(Source records Opens)

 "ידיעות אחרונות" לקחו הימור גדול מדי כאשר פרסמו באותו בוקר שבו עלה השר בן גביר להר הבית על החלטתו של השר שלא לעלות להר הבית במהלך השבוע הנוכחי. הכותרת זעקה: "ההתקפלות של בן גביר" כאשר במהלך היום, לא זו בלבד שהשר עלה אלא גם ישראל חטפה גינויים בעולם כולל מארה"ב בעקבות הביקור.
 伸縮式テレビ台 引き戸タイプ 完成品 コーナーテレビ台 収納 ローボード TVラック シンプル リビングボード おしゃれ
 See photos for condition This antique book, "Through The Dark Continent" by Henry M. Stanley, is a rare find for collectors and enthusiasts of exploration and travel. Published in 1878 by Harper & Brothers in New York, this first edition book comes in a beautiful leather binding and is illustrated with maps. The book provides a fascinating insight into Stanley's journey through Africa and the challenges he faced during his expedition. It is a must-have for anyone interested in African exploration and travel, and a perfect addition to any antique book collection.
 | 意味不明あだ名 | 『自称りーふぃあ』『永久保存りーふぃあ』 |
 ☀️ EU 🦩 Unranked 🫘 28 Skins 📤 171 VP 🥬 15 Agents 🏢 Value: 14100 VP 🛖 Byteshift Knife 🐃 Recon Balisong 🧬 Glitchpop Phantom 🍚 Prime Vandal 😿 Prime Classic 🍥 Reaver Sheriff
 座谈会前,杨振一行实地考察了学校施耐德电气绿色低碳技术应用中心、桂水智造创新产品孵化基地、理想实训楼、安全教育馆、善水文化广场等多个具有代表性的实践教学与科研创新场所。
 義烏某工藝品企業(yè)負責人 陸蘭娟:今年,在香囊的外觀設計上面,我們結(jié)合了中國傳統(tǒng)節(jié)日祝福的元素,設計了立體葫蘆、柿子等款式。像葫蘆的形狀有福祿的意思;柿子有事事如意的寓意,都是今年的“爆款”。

(Source records Closes)

Work to complete:
Starting with the line above that holds "伸縮式テレビ台 引き戸タイプ 完成品" and stopping with the line that holds "意味不明あだ名 | 『自称りーふぃあ』『永久保存りーふぃあ』 |", reproduce each line exactly, omitting all other lines.

Exercise response:
 伸縮式テレビ台 引き戸タイプ 完成品 コーナーテレビ台 収納 ローボード TVラック シンプル リビングボード おしゃれ
 See photos for condition This antique book, "Through The Dark Continent" by Henry M. Stanley, is a rare find for collectors and enthusiasts of exploration and travel. Published in 1878 by Harper & Brothers in New York, this first edition book comes in a beautiful leather binding and is illustrated with maps. The book provides a fascinating insight into Stanley's journey through Africa and the challenges he faced during his expedition. It is a must-have for anyone interested in African exploration and travel, and a perfect addition to any antique book collection.
 | 意味不明あだ名 | 『自称りーふぃあ』『永久保存りーふぃあ』 |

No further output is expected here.